Twitch Film's Oggs Cruz points out that Mondomanila "will probably draw comparisons with the films of John Waters, for its unabashed obnoxiousness, and Alejandro Jodorowsky, for its unabashed strangeness. However, the film is a strange creature altogether, more venomous than any of Waters’ trash and more useful than any of Jodorowsky’s excesses."

Indiocine's Macky Macarayan found some of the characters confusing, and believes a traditional ending featuring the narrator would have served the film better. But he praises the film for being a very honest social commentary, calling it "raw, uninhibited, and unforgiving". "Everything is exaggerated, meant as an inverse, or metaphorically presented.
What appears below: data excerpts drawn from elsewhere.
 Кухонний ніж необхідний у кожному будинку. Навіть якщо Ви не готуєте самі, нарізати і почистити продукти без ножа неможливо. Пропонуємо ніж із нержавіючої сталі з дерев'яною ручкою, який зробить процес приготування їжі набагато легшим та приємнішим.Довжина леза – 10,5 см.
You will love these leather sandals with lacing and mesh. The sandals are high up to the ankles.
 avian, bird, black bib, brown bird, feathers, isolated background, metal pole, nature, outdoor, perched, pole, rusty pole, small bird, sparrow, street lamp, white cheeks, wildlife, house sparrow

Subtlety is not in Khavn's vocabulary; he likes to confront the issues head on, but at least he has some style. Like Nolan's Inception you have to dig further."
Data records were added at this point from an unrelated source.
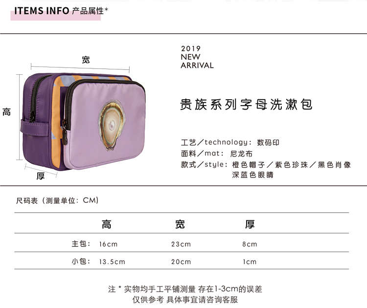 YIZISTORE贵族系列洗漱化妆包-紫色珍珠/黄色帽子/深蓝色眼睛/黑色肖像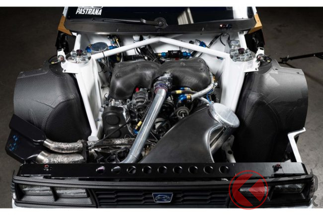 エンジンはラリークロス競技で使用されたものに基づき、最高出力862馬力・最大トルク664lb-ftまで高められた2.3リッター水平対向4気筒ターボエンジンを搭載。これに6速シーケンシャルギアボックスが組み合わされ、4輪を駆動します。
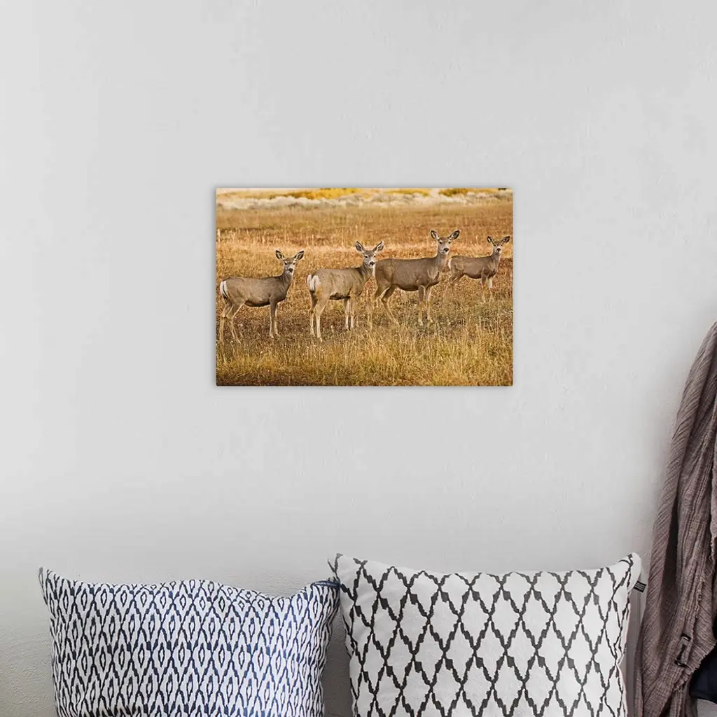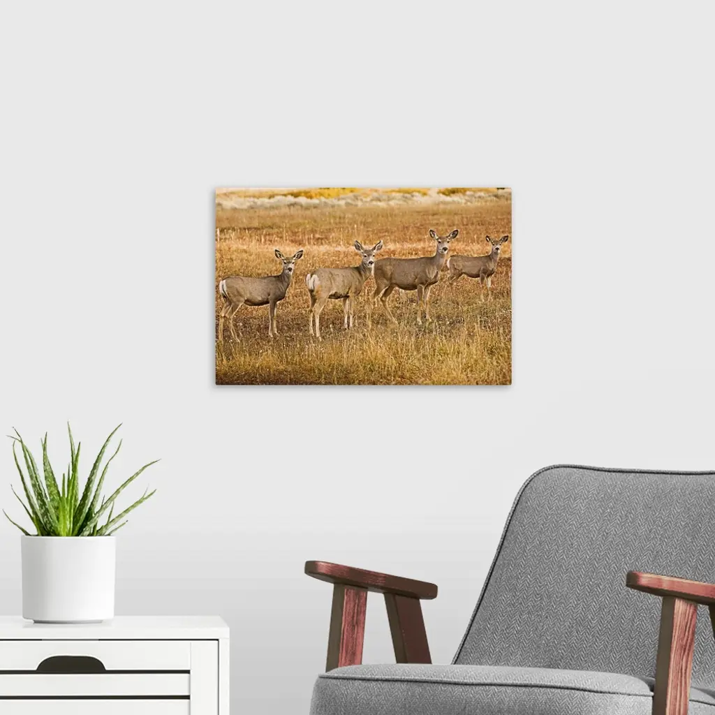 Mule Deer (Odocoileus Hemionus) Standing In A Row, Wyoming

One viewer notes that in the film, Khavn combines the abrasive aspects of two of his other films, Squatterpunk and The Family That Eats Soil, to "transvaluate Julia Kristeva's notions of the abject and turns it from a source of horror to something darkly humorous".

Film blogger Sanriel Ajero finds Mondomanila "quite offensive, as one would expect from the sick mind of Khavn, and by this virtue alone, should warrant a divisive reaction from its audience" but praises its vision. "Personally, I’m with the half that enjoyed the hell of it. Surely one of the few brave local directors we have now, that continually pushes the boundaries of violence and gore, even of lyricism and poetry.”

Lagarista's Dodo Dayao calls Mondomanila "Glee on crack", likening it to Dusan Makavejev’s Sweet Movie but calls it "quintessential Khavn. Only with a grander sense of culmination."

There are almost inarguable parallels that run between the two films. But the twist here is that Khavn hasn’t seen Makavejev, and prefers to boil it down to something like John Waters by way of Tod Browning by way of Gualtiero Jacopetti. And it comes as no surprise how many are positioning the film, which is having its world premiere this week at Rotterdam, as his magnum opus, a coming to a head of his wildly prolific career, which in many ways it is.